TASK BRIEF: Retype the data exactly, from its first line to the line containing "Daiiibabyyy 925 Sterling", including both, and skip any picture.

GIVEN INFORMATION:
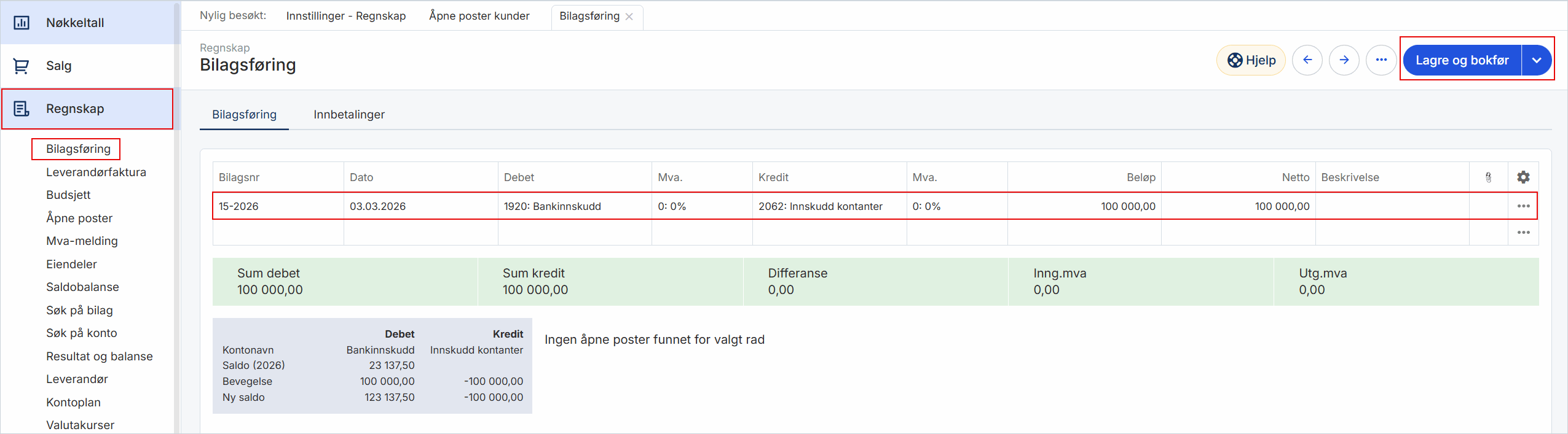 Et typisk eksempel er at eier har satt inn penger på virksomhetens konto. I så fall kan du for eksempel føre 100 000 kroner på debet bank og kredit innskudd kontanter, og trykke Lagre og bokfør.
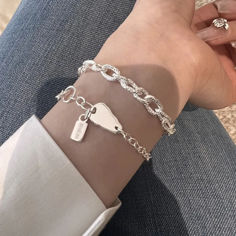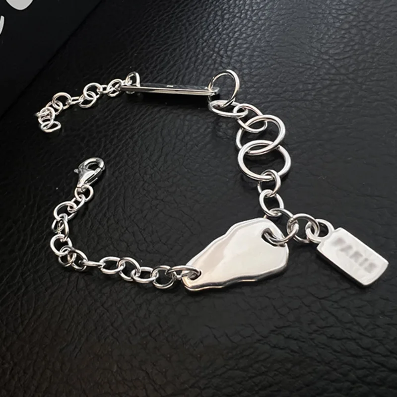 Daiiibabyyy 925 Sterling Silver Love Herat Texture Lock Bracelet For Women Asymmetry Punk Versatile Jewelry Gift Dropshipping
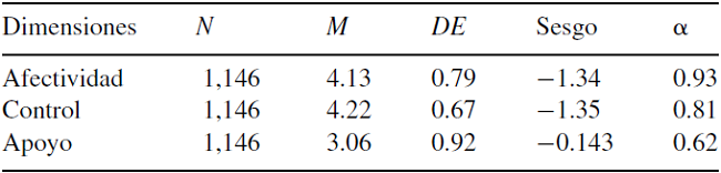 En la Tabla 2, se observa que las dos primeras dimensiones tienen índices de consistencia interna satisfactorios (a = 0.93 y a = 0.81), mientras que la tercera dimensión muestra una consistencia moderada (a = 0.62); sin embargo, todos los ítems contribuyen a la consistencia interna de la escala de la que forman parte y la eliminación de alguno de los reactivos no implica un incremento del alfa de Cronbach de la escala. En términos de sesgo se puede ver que se tiene una asimetría negativa, la cual es mayor en los dos primeros factores.

RESPONSE BELOW:
 Et typisk eksempel er at eier har satt inn penger på virksomhetens konto. I så fall kan du for eksempel føre 100 000 kroner på debet bank og kredit innskudd kontanter, og trykke Lagre og bokfør.
 Daiiibabyyy 925 Sterling Silver Love Herat Texture Lock Bracelet For Women Asymmetry Punk Versatile Jewelry Gift Dropshipping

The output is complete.